Expert: Obama economic surge built on doctored data

From Stalin to Tony Blair, statistics emanating from Leftist governments have always been untrustworthy

The White House appears determined to deliver in the president's upcoming State of the Union speech a ringing message that economic growth under Obama is robust, with the DOW topping 18,000 for the first time and the Bureau of Economic Analysis reporting last week revised estimates placing third-quarter growth at an impressive 5 percent.

But critics, like econometrician John Williams, call it a smoke-and-mirrors illusion of economic data dishonestly calculated and reported to look rosy.

Put simply, Williams, in the most recent edition of his subscription newsletter, argues that the developing White House narrative of "the strongest economic growth in a decade" is nonsense.

He argues that the full economic recovery indicated by the real GDP numbers reported last week by BEA is "a statistical illusion created by using too-low a rate of inflation in deflating (removing inflation effects) from the GDP series."

Williams further argues "no other major economic series has shown a parallel pattern of official full economic recovery and meaningful expansion beyond, consistent with GDP reporting."

Williams' analysis of retail sales, again adjusted to remove an artificially low rate of inflation, shows "a pattern of plunge and stagnation and renewed downturn, consistent with patterns seen in series such as consumer indicators like real median household income, the consumer confidence measures and in the unemployment and most housing statistics."

WND previously has reported that real unemployment in the U.S., measured by traditional definitions that include an estimate of those forced to drop out of the labor force because jobs are lacking and those seeking full-time employment who are forced to take part-time employment is closer to 23 percent, rather than the 5.8 percent the Bureau of Labor Statistics reported in November, confirming Donald Trump's accusation that Obama's jobless numbers are "phony."

Williams estimates that adjusted for inflation, orders for durable goods declined by 0.62 percent in November, versus a revised decline of 0.12 percent in October, and a revised September monthly decline of 0.68 percent.

He calculates that sales of existing homes showed a seasonally adjusted decline of 6.1 percent in November, with 9 percent of November sales of existing homes in distress (6 percent foreclosures, plus 3 percent short sales).

Contrast this with the narrative the White House suggested in a press release on Dec. 18, when the administration stated: "President Obama took office in the depths of the worst economic crisis since the Great Depression. Six years later, thanks to the grit and determination of the American people, and the decisive actions he took early on - to bring the economy back from the brink, to save the auto industry, and to build a new foundation for middle-class growth - we've made real progress."

In a press briefing two days earlier, White House press counsel Josh Earnest delivered a similar tone, stating: "Now, 2014 was a milestone for economic progress in the United States, but there's much more work to do."

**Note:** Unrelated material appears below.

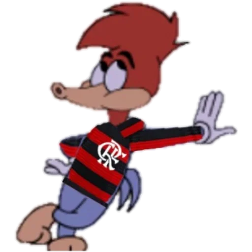 Personagem de desenho animado com cabelo vermelho, usando uma camisa listrada em vermelho e preto com um logotipo branco, calça azul e fazendo um gesto com a mão.

He continued: "This year, America's businesses added jobs at the fastest rate since the 1990s. The most interesting statistic I've seen on this is that we've now had 10 consecutive months of more than 200,000 job created in the private sector in each of those months."

The statements portray Obama as having engineered an economic miracle that is historic in nature.

"That is the longest streak in nearly 20 years," Earnest continued. "And while many of these good, full-time, middle-class jobs and wages have begun to rise, it's still too hard for many middle-class families to get ahead."

Also, despite the Obama administration's war on coal and refusal to support the Keystone pipeline, the White House claims credit for declining gas prices.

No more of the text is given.